"Is it true?"

"It is the truth, Eileen."

"You—you make me very happy, Captain Selwyn."

"But—did you not know it before I told you?"

"I—y-yes; I hoped so." In the exultant reaction from the delicious tension of avowal she laughed lightly, not knowing why.

"The pleasure in it," she said, "is the certainty that I am capable of making you happy. You have no idea how I desire to do it. I've wanted to ever since I knew you—I've wanted to be capable of doing it. And you tell me that I do; and I am utterly and foolishly happy." The quick mischievous sparkle of gaminerie flashed up, transforming her for an instant—"Ah, yes; and I can make you unhappy, too, it seems, by talking of marriage! That, too, is something—a delightful power—but"—the malice dying to a spark in her brilliant eyes—"I shall not torment you, Captain Selwyn. Will it make you happier if I say, 'No; I shall never marry as long as I have you'? Will it really? Then I say it; never, never will I marry as long as I have your confidence and friendship. . . . But I want it all!—every bit, please.

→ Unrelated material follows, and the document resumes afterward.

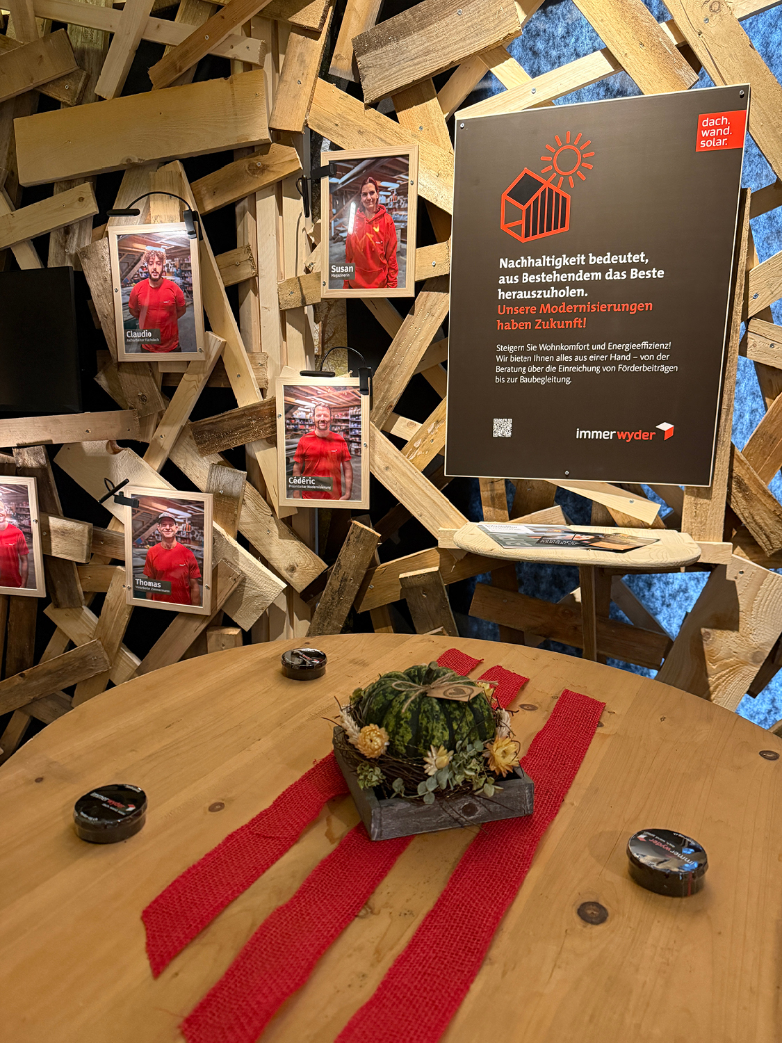 Der zweite Messetag stand ganz im Zeichen der Zukunft: Beim Lehrstellenrundgang präsentierte unser Lernender Max, wie aus einem Stück Naturschiefer ein Herz entsteht – präzise, handwerklich und mit viel Herzblut. Viele Schülerinnen und Schüler nutzten die Gelegenheit, sich über unsere Lehrberufe als DachdeckerIn, FassadenbauerIn oder SolarinstallateurIn zu informieren. Auch im weiteren Verlauf des Tages herrschte reger Betrieb: Interessierte Besucher, bekannte Gesichter und neugierige Fachleute machten Halt an unserem Stand, um mehr über unsere Projekte und Produkte zu erfahren.

And if ever there is another woman—if ever you fall in love!—crack!—away I go"—she snapped her white fingers—"like that!" she added, "only quicker! Well, then! Be very, very careful, my friend! . . . I wish there were some place here where I could curl up indefinitely and listen to your views on life. You brought a book to read, didn't you?"

He gave her a funny embarrassed glance: "Yes; I brought a sort of a book."

"Then I'm all ready to be read to, thank you. . . . Please steady me while I try to stand up on this log—one hand will do—"

Scarcely in contact with him she crossed the log, sprang blithely to the ground, and, lifting the hem of her summer gown an inch or two, picked her way toward the bank above.

"We can see Nina when she signals us from the lawn to come to luncheon," she said, gazing out across the upland toward the silvery tinted hillside where Silverside stood, every pane glittering with the white eastern sunlight.